The average cases reported in each state depicts the correct increase in cases with few expections of wrong data. As we can see in the plot, D.C. seems to have highest average number of cases which doesn't correctly depict how many cases there are in the state. This might be because of the fact that D.C barely had any cases until late 2020. So the average increase is very high for that region. The average increase for New York and New Jersey are also very high.
In this section, we will extend our analysis to not just include the US, but the entire world. We will start with top impacted countries. The dataset includes in each row a country, the number of cases in that country, date, deaths in that country, as well as other information about the country. In our case, we will mostly focus on the number of cases and the deaths for each country.
# Getting covid data for the entire world
world_data = pd.read_csv("covid-data.csv")
world_data.sample(5)
iso_code | continent | location | date | total_cases | new_cases | new_cases_smoothed | total_deaths | new_deaths | new_deaths_smoothed | ... | gdp_per_capita | extreme_poverty | cardiovasc_death_rate | diabetes_prevalence | female_smokers | male_smokers | handwashing_facilities | hospital_beds_per_thousand | life_expectancy | human_development_index | |
---|---|---|---|---|---|---|---|---|---|---|---|---|---|---|---|---|---|---|---|---|---|
25029 | JPN | Asia | Japan | 2020-06-30 | 18615.0 | 139.0 | 105.143 | 972.0 | 0.0 | 1.000 | ... | 39002.223 | NaN | 79.370 | 5.72 | 11.2 | 33.7 | NaN | 13.05 | 84.63 | 0.909 |
47425 | CHE | Europe | Switzerland | 2020-03-05 | 114.0 | 24.0 | 15.143 | 1.0 | NaN | 0.000 | ... | 57410.166 | NaN | 99.739 | 5.59 | 22.6 | 28.9 | NaN | 4.53 | 83.78 | 0.944 |
29330 | LUX | Europe | Luxembourg | 2020-08-27 | 7928.0 | 0.0 | 41.571 | 124.0 | 0.0 | 0.000 | ... | 94277.965 | 0.2 | 128.275 | 4.42 | 20.9 | 26.0 | NaN | 4.51 | 82.25 | 0.904 |
43170 | SYC | Africa | Seychelles | 2020-03-22 | 7.0 | 0.0 | 0.714 | NaN | NaN | 0.000 | ... | 26382.287 | 1.1 | 242.648 | 10.55 | 7.1 | 35.7 | NaN | 3.60 | 73.40 | 0.797 |
17591 | FRA | Europe | France | 2020-07-27 | 222508.0 | 2488.0 | 917.000 | 30214.0 | 18.0 | 4.571 | ... | 38605.671 | NaN | 86.060 | 4.77 | 30.1 | 35.6 | NaN | 5.98 | 82.66 | 0.901 |
5 rows × 52 columns
As we can see, the dataset contains 52 columns. These columns include a lot of information about the country. However, our focus will be on the cases and the deaths for each country. We have many NaN
values which we need to take care of as well as the date which might not be in the datetime format.

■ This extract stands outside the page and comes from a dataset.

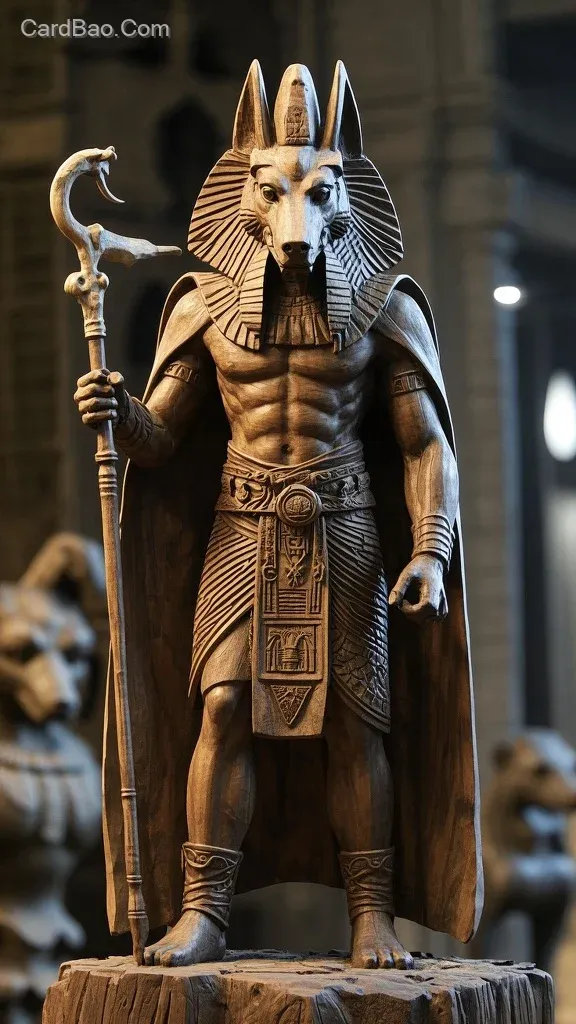 A master-level camphor wood carving depicting Anubis, the wolf-headed god of death from ancient Egypt. The figure wears traditional Egyptian headgear and a flowing hooded robe made of finely draped fabric, adorned with a bone-carved pendant featuring intricate patterns and a brown bone-carved animal-head belt. High-top leather boots complete the attire. One hand grips a long staff, while the other points toward the camera. The piece exudes a mysterious, three-dimensional, dynamic, rustic, refined, visually striking, solemn, and awe-inspiring presence. Inspired by Henry Moore, it blends modernist sculpture with Egyptian mysticism. Created using OC + CG + C4D rendering, the work boasts crisp, intricate details enhanced by diffused and rim lighting. Ray tracing and cinematic lighting techniques are employed to achieve fluid artistic effects. The close-up shot focuses on Anubis’s gesture of pointing at the camera, with side lighting accentuating the wood’s texture and dimensionality, while the blurred background highlights the subject. Aspect ratio: 9:16.
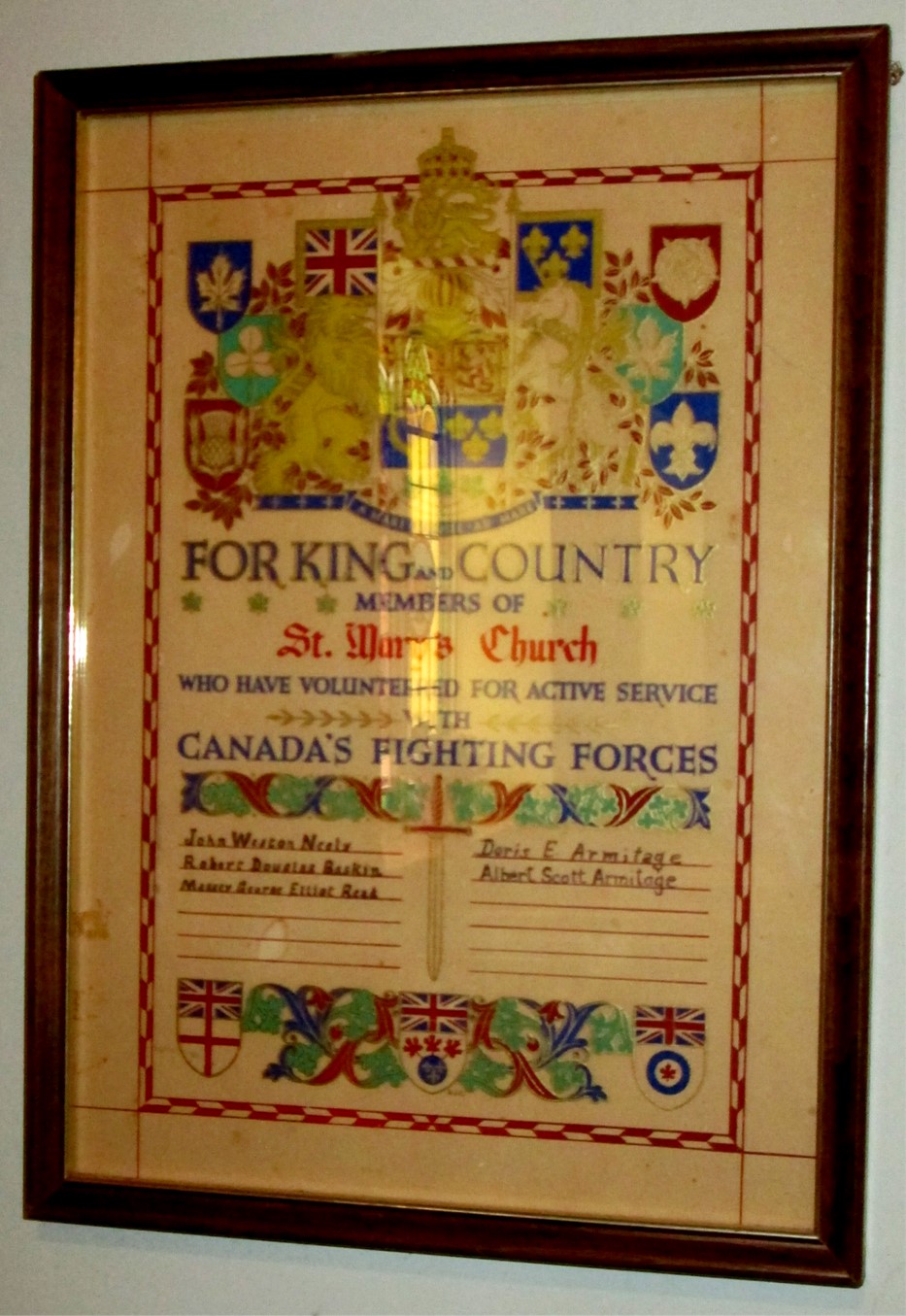 Tableau d'honneur de la Deuxième Guerre mondiale de l'église anglicane St. Mary's

We will first do analysis of countries will the most cases. I have choose the United States, India and Italy for analysis as these are the countries will enourmous number of cases. We have already analyzed cases in the United States by looking at all the counties and states, however, in this section we are doing a broad analysis on a country level. This will help us to compare the cases in the United States with the cases in other countries like India and Italy. All three countries were significantly impacted by Covid, therefore, it helps to visualize the increase in cases and the deaths in these countries.
We will create a subset of the entire dataset which only includes the countries United States, India and Italy. This dataset still consists of every date of reporting. In other words, we have entry for the cases for every date of reporting. The date starts as early as January and ends on December 17th. The dataset updates everyday, therefore, this dataset may not reflect every date these countries had covid since we are still in a pandemic and the cases are still increasing. At the time of writing this project, the current date is reflected in the dataset which is december 17th, 2020. There will also be a new column named mortality rate, which calculates the mortality rate for each date.
# Convert date to date format
import datetime as dt
world_data['date'] = [dt.datetime.strptime(x, '%Y-%m-%d') for x in world_data['date']]
import warnings
warnings.filterwarnings("ignore")
# Lets look at United States data
# We will create a subset from the database
countries = ['United States', 'India', 'Italy']
country_data = world_data[world_data.location.isin(countries)]
# Add a new column for the mortality rate
country_data['mortality_rate'] = country_data.apply(lambda row: row['total_deaths']/
row['total_cases'], axis=1).fillna(0)
# Make date the index
country_data.set_index('date', inplace=True)
country_data[['location', 'new_cases', 'total_cases',
'new_deaths', 'total_deaths', 'mortality_rate']].tail()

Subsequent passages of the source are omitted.